Lisa Shirichena Herald Reporter
Low business is forcing a number of shops in Harare, mainly those in retail clothing, to close as many city centre customers move down market, and those seeking quality move to suburban centres.

Most tenants interviewed, including some who have already abandoned the shops, said they had accumulated huge debts over the months.

A survey by The Herald in Harare last Friday showed that a number of tenants had deserted shopping malls like Eastgate, Karigamombe Centre, the First Street Mall and Joina City.

A number of shops are also deserted Chitungwiza Town Centre, Westgate Shopping Mall and High Glen Shopping Centre outside the city centre.

In an interview, one of the tenants who abandoned business at Karigamombe Centre, where more than five shops have closed, said the major reason was that their businesses were facing down-market competition.

“I was paying $2 000 per month as rent,” he said.

“I used to afford it without a hassle a few years ago, but customers started looking for other sources of clothing because cash is becoming hard to come by.

“Some people who used to buy quality stuff from this shop are no longer concerned about quality and have resorted to buying low quality and cheap clothes from other sources like flea markets.”

Karigamombe Centre is managed by Dawn Consultancy Trust whose senior property manager Mr Albert Mangwiro confirmed that tenants were burdened with overdue rents dating back to last year.

“These tenants have moved out because there is now low business at the mall, not because of high rentals,” he said.

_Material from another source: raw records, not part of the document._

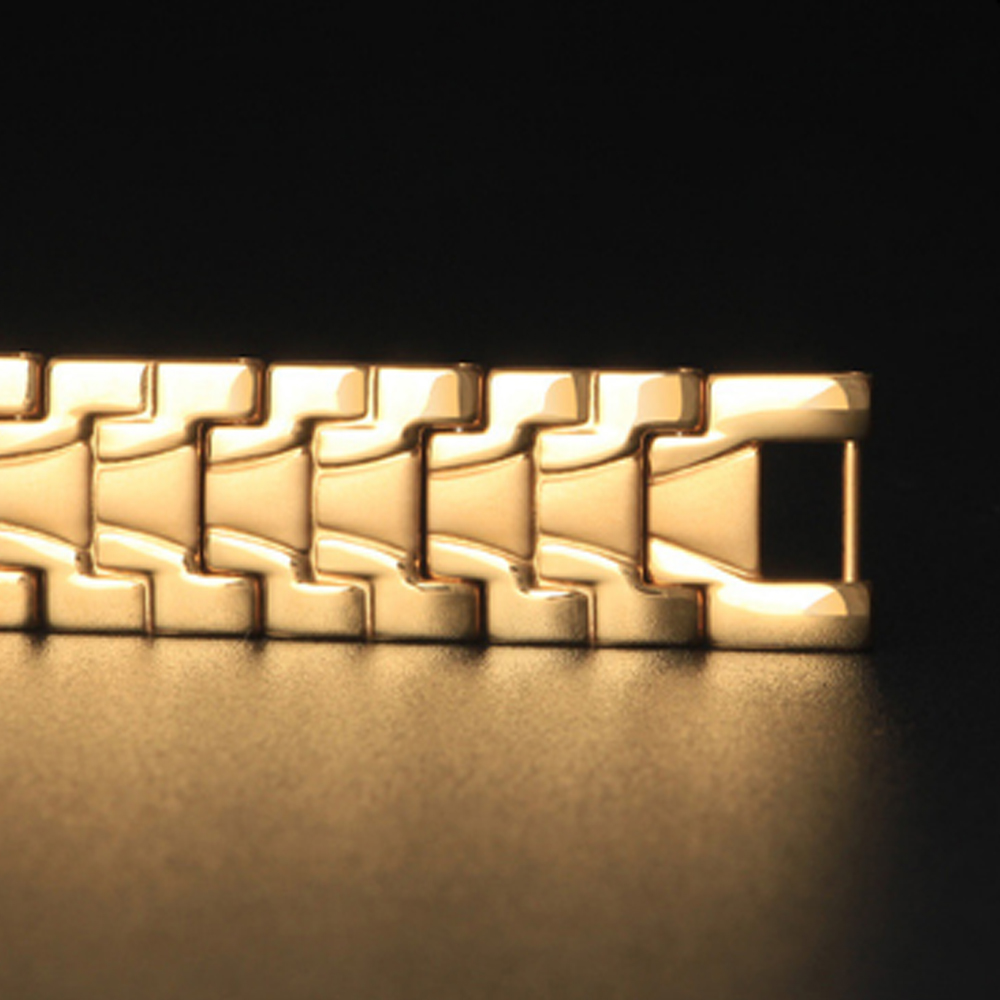 - Vật liệu vỏ / gờ: Sắc vàng kim - Dây đeo bằng da - Mặt kính khoáng - Chống nước - Giờ hiện hành thông thường Đồng hồ kim: 3 kim (giờ, phút, giây)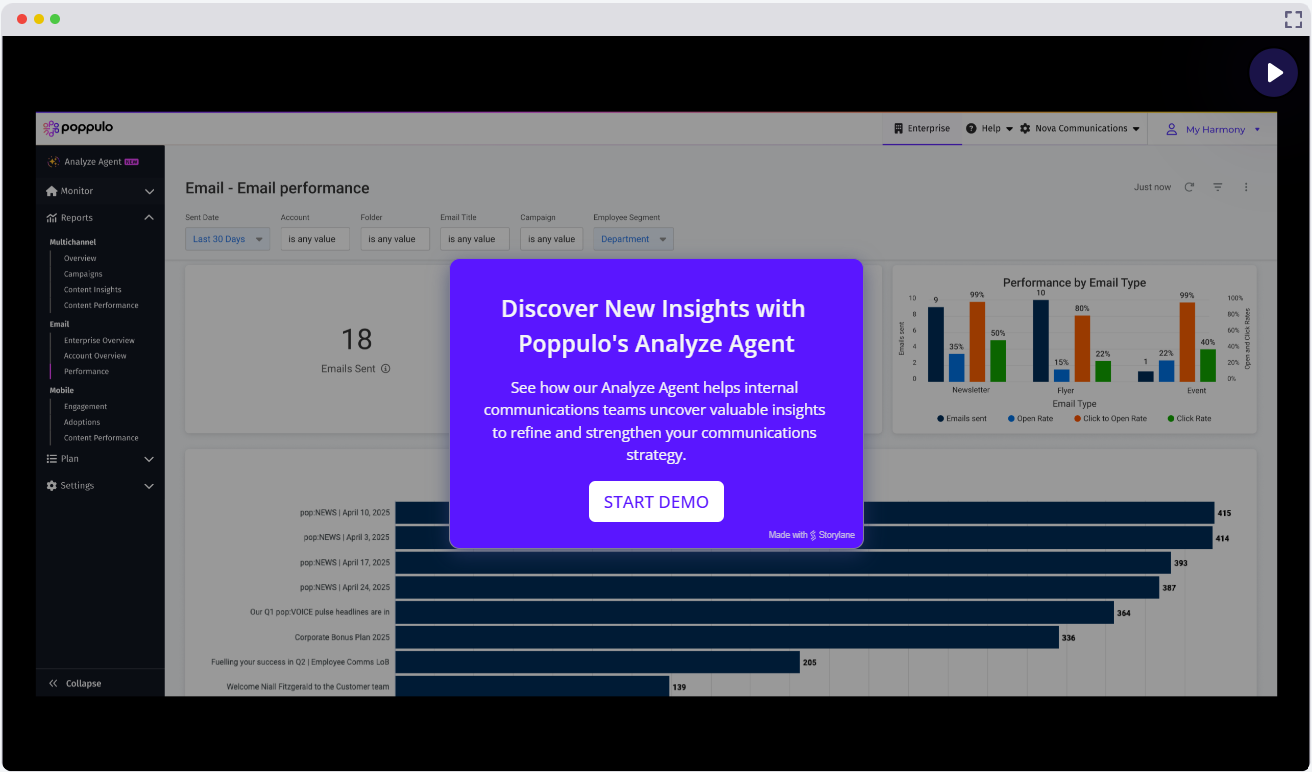 1. Analyze Agent—enables internal comms professionals to ask natural-language questions about their email data and quickly surface insights on engagement, performance, and audience behavior. They can also benchmark performance over time and across audiences or employee segments, identify which groups need re-engagement, and pinpoint optimal send times based on real behavioral patterns. The Analyze Agent also interprets signals such as likes and comments to gauge employee sentiment, and reviews message content itself—highlighting themes, keywords, length, media usage, and reading complexity—then links those factors back to engagement outcomes. The result is faster, deeper insight that helps organizations make more confident, data-driven communication decisions.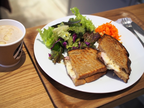こちらは、スモークハムとグリュイエールチーズのホットプレスサンド。サンドイッチとその日のデリ2種がセットになっています。サンドイッチはチーズの濃厚な味と、バターの風味が口いっぱいに広がって、本当に美味しい!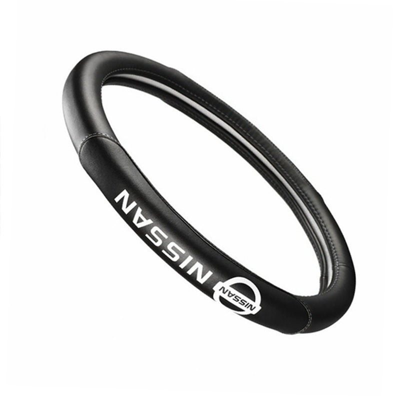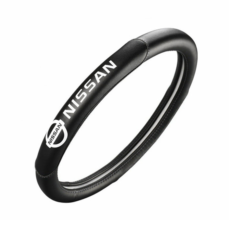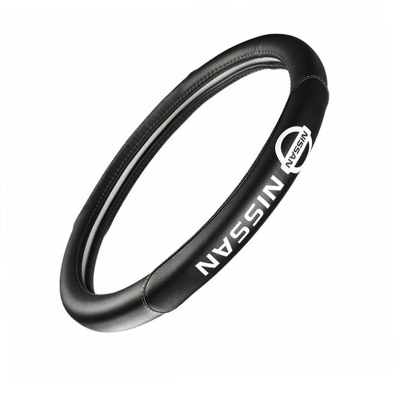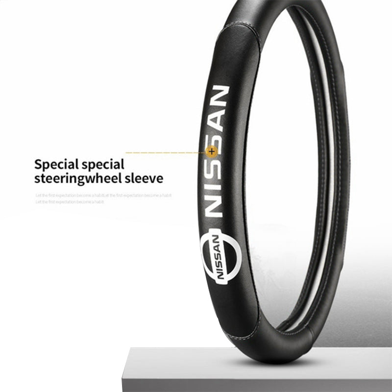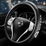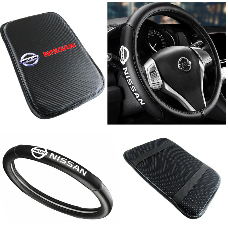 NISSAN Set Black 15" Diameter Car Auto Steering Wheel Cover Quality Leather with Center Console Armrest Cushion Mat Pad Cover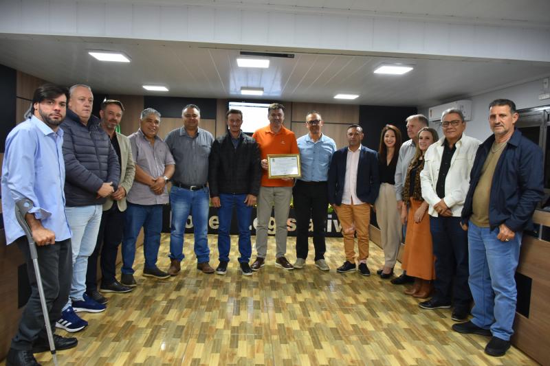O presidente da Cresol, Sérgio Bukovski, fez uso da tribuna para agradecer a homenagem e destacar a importância da instituição, que hoje conta com mais de 160 colaboradores e 14 mil cooperados em Laranjeiras do Sul.

“As owners of that mall, we have not increased rents since last year. Some tenants have requested for rental reductions and we have not refused, but their applications are still to be considered. Payments for rentals are negotiated depending on the shop and it’s usually $15 per square metre.”

Mr Mangwiro said vendors were in stiff competition with the shop tenants and the closure of AfriAsia Bank at the mall worsened the situation as the shops lost customers who used to frequent the bank.

Rents in the city centre are lower than those in the higher-end suburban shopping centres and the major problem facing retailers, especially those who used to cater for the quality market, is the move of their former customers to the expanding suburban shopping centres.

Most properties in the city’s rentals range from $14 to $20 per square metre.